• _ASSIGNMENT_: Using the data below, return the stretch from the line that contains "Thống kê phong" through the line that contains "Зубило-конопатка Gross 18714", both included, exactly as it stands and nothing beyond it.

• _THE DATA_:

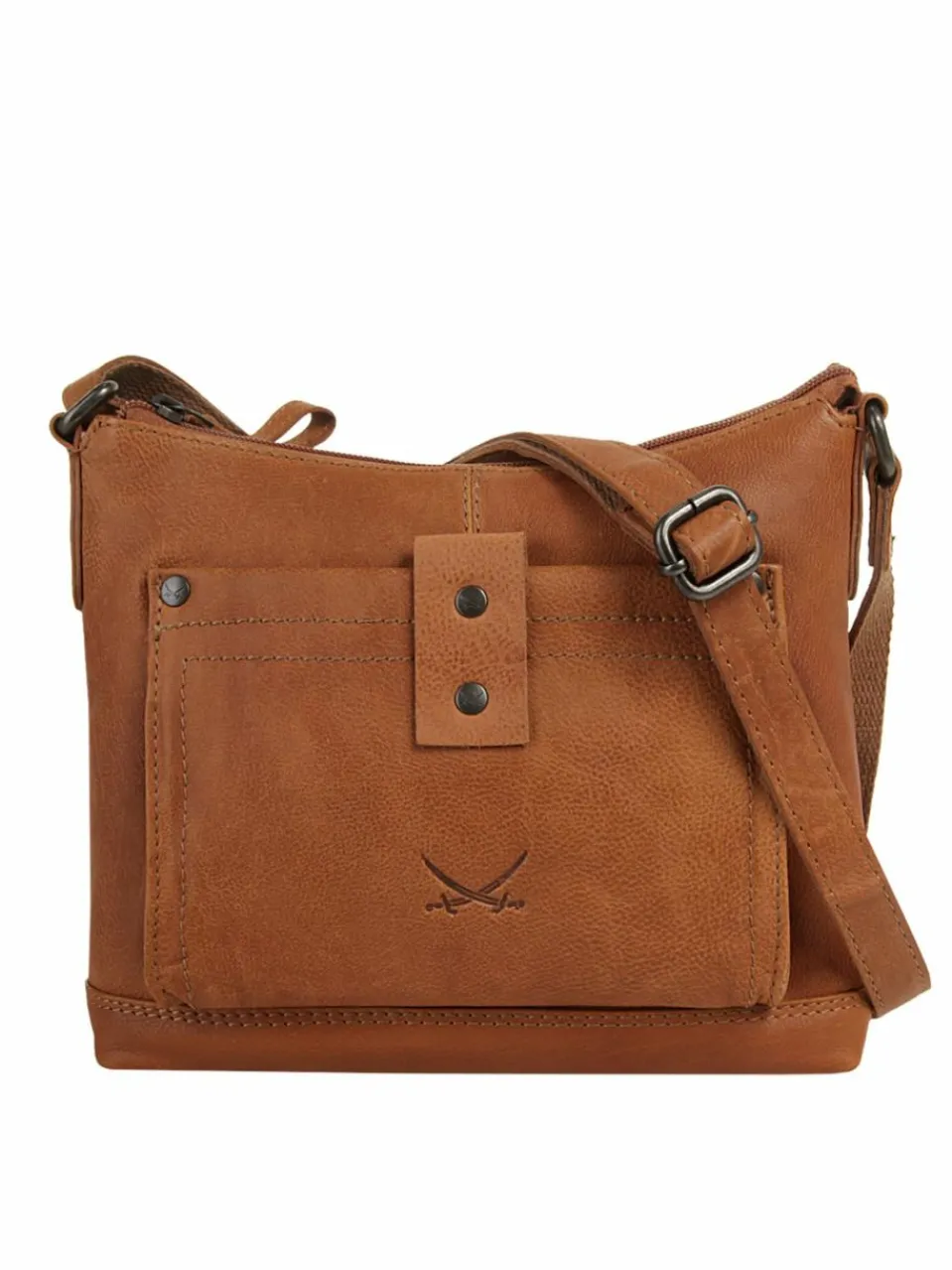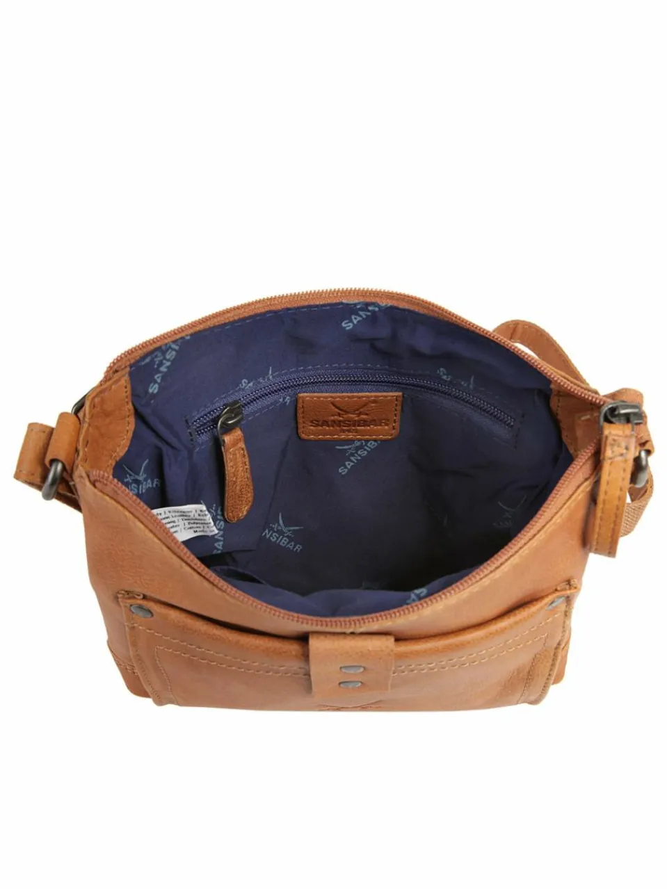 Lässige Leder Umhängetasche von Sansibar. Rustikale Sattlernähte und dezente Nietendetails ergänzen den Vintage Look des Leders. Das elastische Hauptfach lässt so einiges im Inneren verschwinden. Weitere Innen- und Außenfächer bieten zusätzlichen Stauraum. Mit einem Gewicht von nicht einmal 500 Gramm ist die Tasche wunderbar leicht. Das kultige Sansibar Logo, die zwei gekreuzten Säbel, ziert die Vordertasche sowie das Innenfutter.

--

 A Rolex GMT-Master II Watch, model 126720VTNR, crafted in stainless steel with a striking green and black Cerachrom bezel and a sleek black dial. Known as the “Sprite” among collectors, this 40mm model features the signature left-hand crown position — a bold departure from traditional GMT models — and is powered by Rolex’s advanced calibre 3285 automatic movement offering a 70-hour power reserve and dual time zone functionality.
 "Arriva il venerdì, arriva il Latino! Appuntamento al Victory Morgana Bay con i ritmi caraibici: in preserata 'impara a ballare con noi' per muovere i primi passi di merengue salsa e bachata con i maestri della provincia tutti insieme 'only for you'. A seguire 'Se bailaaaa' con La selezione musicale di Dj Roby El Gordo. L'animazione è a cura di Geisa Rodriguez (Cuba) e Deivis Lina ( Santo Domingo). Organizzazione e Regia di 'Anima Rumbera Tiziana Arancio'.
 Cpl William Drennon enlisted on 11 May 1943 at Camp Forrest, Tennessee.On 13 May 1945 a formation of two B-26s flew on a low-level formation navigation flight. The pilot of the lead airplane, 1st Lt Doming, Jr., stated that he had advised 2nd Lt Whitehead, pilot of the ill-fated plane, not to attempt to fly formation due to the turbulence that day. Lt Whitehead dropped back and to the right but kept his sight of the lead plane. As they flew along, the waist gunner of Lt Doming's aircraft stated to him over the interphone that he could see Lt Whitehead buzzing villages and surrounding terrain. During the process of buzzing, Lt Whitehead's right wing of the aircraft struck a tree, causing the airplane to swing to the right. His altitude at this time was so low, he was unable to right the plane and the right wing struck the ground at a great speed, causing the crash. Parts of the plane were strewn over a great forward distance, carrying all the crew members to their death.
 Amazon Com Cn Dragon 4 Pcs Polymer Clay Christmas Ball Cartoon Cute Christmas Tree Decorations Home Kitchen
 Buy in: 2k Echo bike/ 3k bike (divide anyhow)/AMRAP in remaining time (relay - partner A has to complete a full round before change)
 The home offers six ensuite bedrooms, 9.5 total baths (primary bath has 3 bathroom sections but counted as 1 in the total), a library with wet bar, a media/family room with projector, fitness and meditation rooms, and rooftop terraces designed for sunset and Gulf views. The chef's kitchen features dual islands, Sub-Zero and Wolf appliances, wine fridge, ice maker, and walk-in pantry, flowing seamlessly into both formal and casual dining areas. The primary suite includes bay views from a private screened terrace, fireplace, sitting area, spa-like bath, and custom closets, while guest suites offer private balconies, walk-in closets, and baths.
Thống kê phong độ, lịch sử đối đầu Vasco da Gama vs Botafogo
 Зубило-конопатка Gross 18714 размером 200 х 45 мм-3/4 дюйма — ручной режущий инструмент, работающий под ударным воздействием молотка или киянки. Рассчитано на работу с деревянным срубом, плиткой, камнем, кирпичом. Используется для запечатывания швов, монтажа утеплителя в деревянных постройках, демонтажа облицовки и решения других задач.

• _ANSWER TO THE PROBLEM_:
Thống kê phong độ, lịch sử đối đầu Vasco da Gama vs Botafogo
 Зубило-конопатка Gross 18714 размером 200 х 45 мм-3/4 дюйма — ручной режущий инструмент, работающий под ударным воздействием молотка или киянки. Рассчитано на работу с деревянным срубом, плиткой, камнем, кирпичом. Используется для запечатывания швов, монтажа утеплителя в деревянных постройках, демонтажа облицовки и решения других задач.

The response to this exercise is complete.